How COVID-19 Contact Tracing Technology Can Help
According to Johns Hopkins University, the use of technology in contact tracing improves the efficiency and speed of the contact tracing process. This is because:
- contact tracers need to reach people quickly, before they have infected another person
- public health staff time is often limited. As it takes time for Contact Tracers to gather data and information on cases, technology that automates and standardizes reporting of tests to Contact Tracers, speeds up the contact tracing process. This means less time is spent between diagnosis and a call from the Contact Tracer.
- patient data can be accessed from a centralized database. When patients get a test for COVID-19, their information is entered into an electronic system with a centralized database where positive test results are reported from the lab.
As a technology company with software that already has many capabilities that Contact Tracers need, we were keen to see how we could use our expertise to develop a Contact Tracing solution.
The result are the new Dovetail Check, Track and Trace features. Let’s find out more about how they work.
Dovetail Check, Track and Trace
We have developed the Dovetail Check, Track and Trace features to support HR teams, Health workers, and Contact Tracers when carrying out health screenings and contact tracing. There are three key features:
- Dovetail Check allows you to check symptoms of your employees on a daily basis and comply with state and local laws for screening employees.
By checking and screening your employees for symptoms of coronavirus on a daily basis, via a Check-in process, you can identify who may have contracted the virus, and should go into isolation in order to stop them from spreading the virus to others.
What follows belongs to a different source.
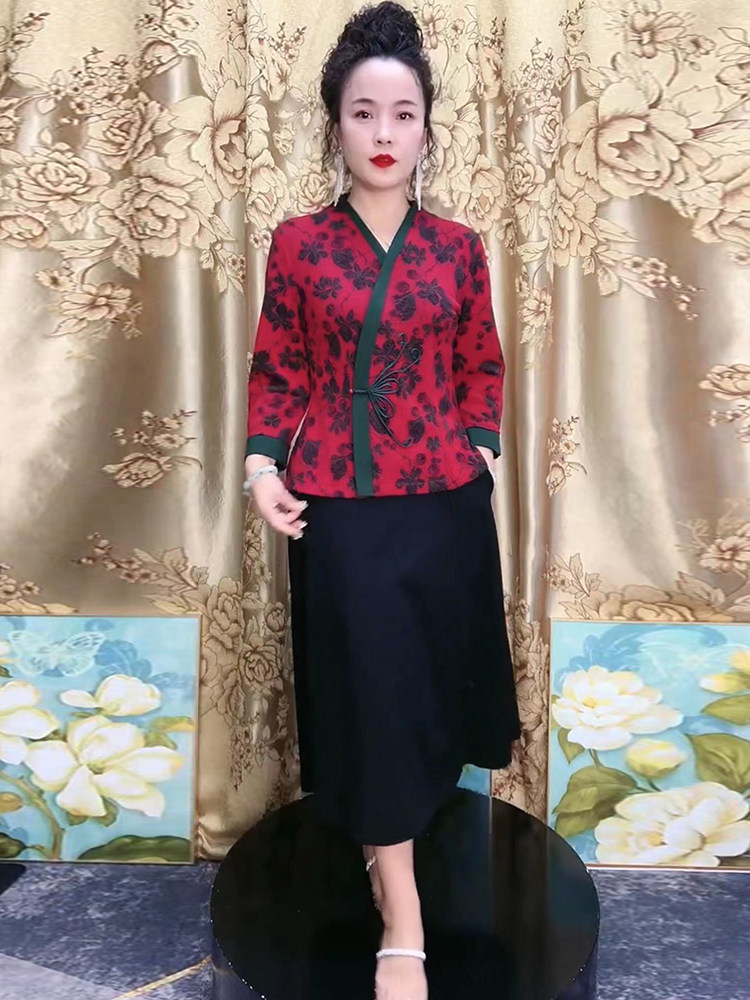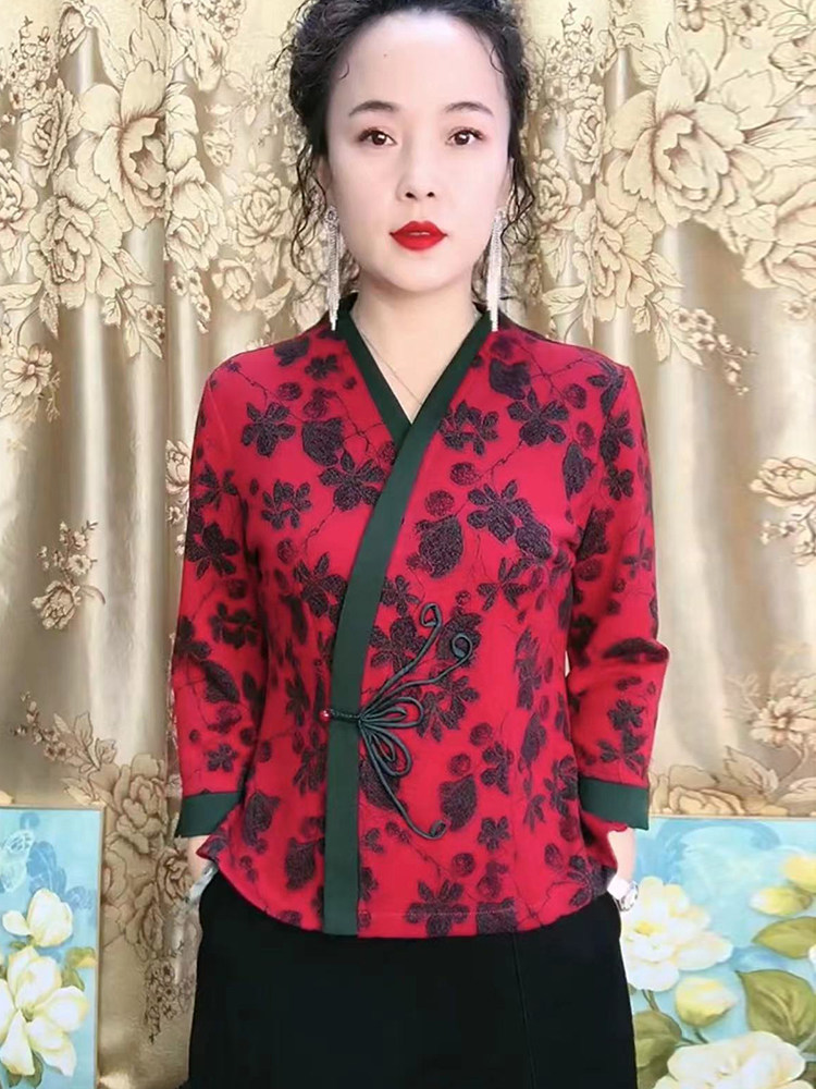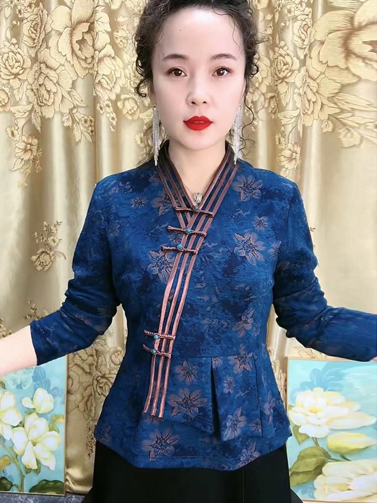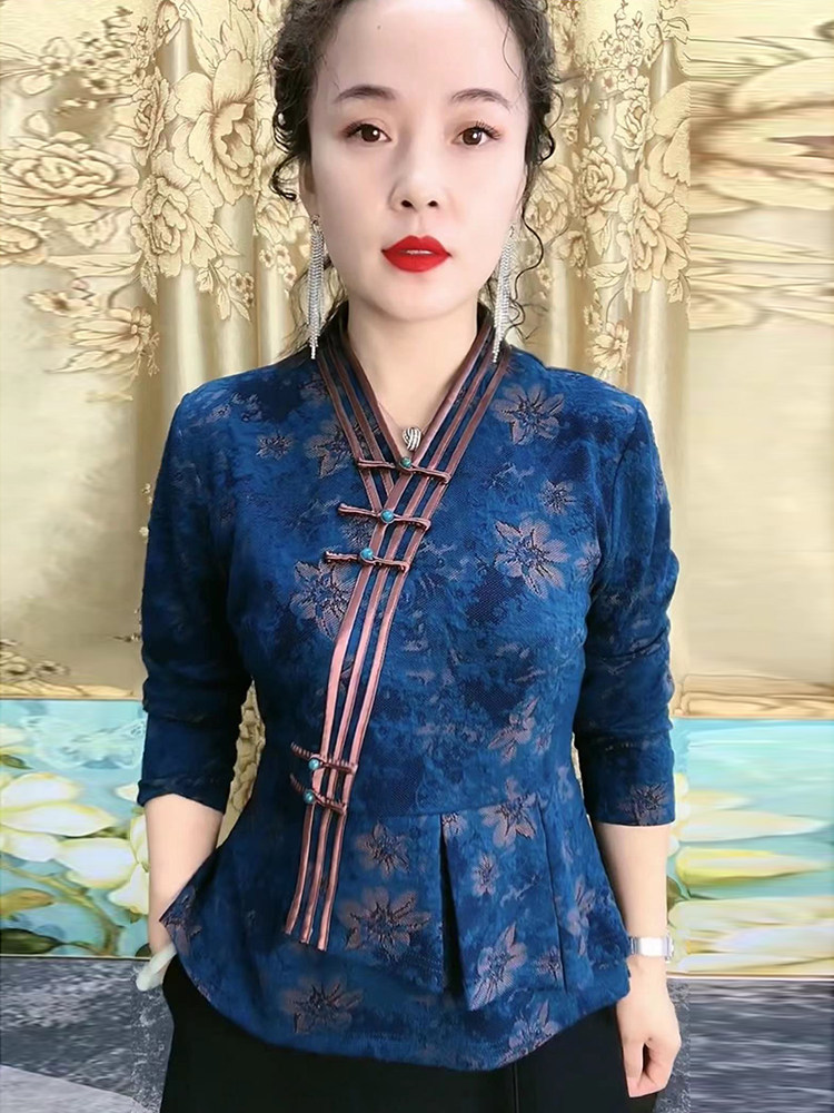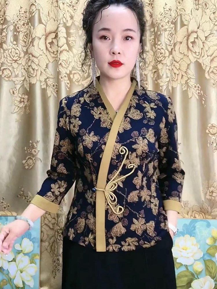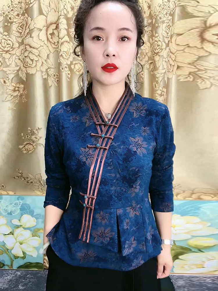 Демисезонное ципао, приталенная этническая рубашка, для среднего возраста, китайский стиль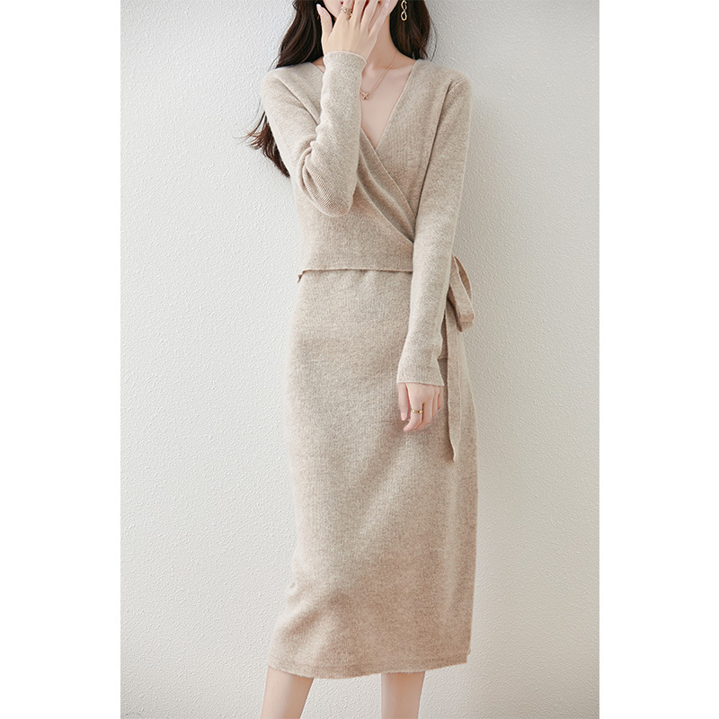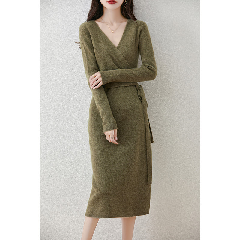 法式交叉领针织纯羊毛连衣裙女秋冬款气质收腰显瘦中长款过膝裙子

Those who, based on a symptom check, are unlikely to have COVID-19, are then free to come into the office.
Those employees who are suspected of having COVID-19, and have been requested to go into isolation, can then receive a COVID-19 test kit to determine whether they test positive for coronavirus, which can all be tracked through Dovetail.
Dovetail Check is available on browser, mobile SMS and mobile browser.
- Dovetail Track allows you to monitor and keep track of all health screens that have taken place, and follow up with those individuals who have symptoms of COVID-19.
- Dovetail Trace is a contact tracing feature that enables you to monitor and trace employees that are confirmed positive with COVID-19. It also allows you to trace back to all the other employees that an infected person has been in contact with during their infectious period. You can then contact and ask them to self quarantine, and track any symptoms they may have over the 14 day quarantine period. Dovetail Trace also supports automatic updates, notifications and Service Level Agreements.
Click the video link below to find out more about the Dovetail Check, Track and Trace features:
The COVID-19 crisis has created an unprecedented need for effective health screening and contact tracing solutions in countries that are trying to stop the spread of the virus and get back to work.
Putting a Health Screening & Contact Tracing solution in place can help your organization limit the spread of the virus among employees, which not only makes them feel safer in the workplace, but also ensures your company can continue to operate effectively during the pandemic. The NEW Dovetail Check, Track and Trace features, built for desktop and mobile phones, and with features that enable health screenings for all your employees, as well as allowing the tracking and tracing of COVID-19 cases and their contacts, will help your organization achieve these aims.
By adopting the NEW Dovetail Check, Track and Trace features as part of your health screening and contact tracing strategy, your organization will be better able to safeguard employees as they return to the workplace.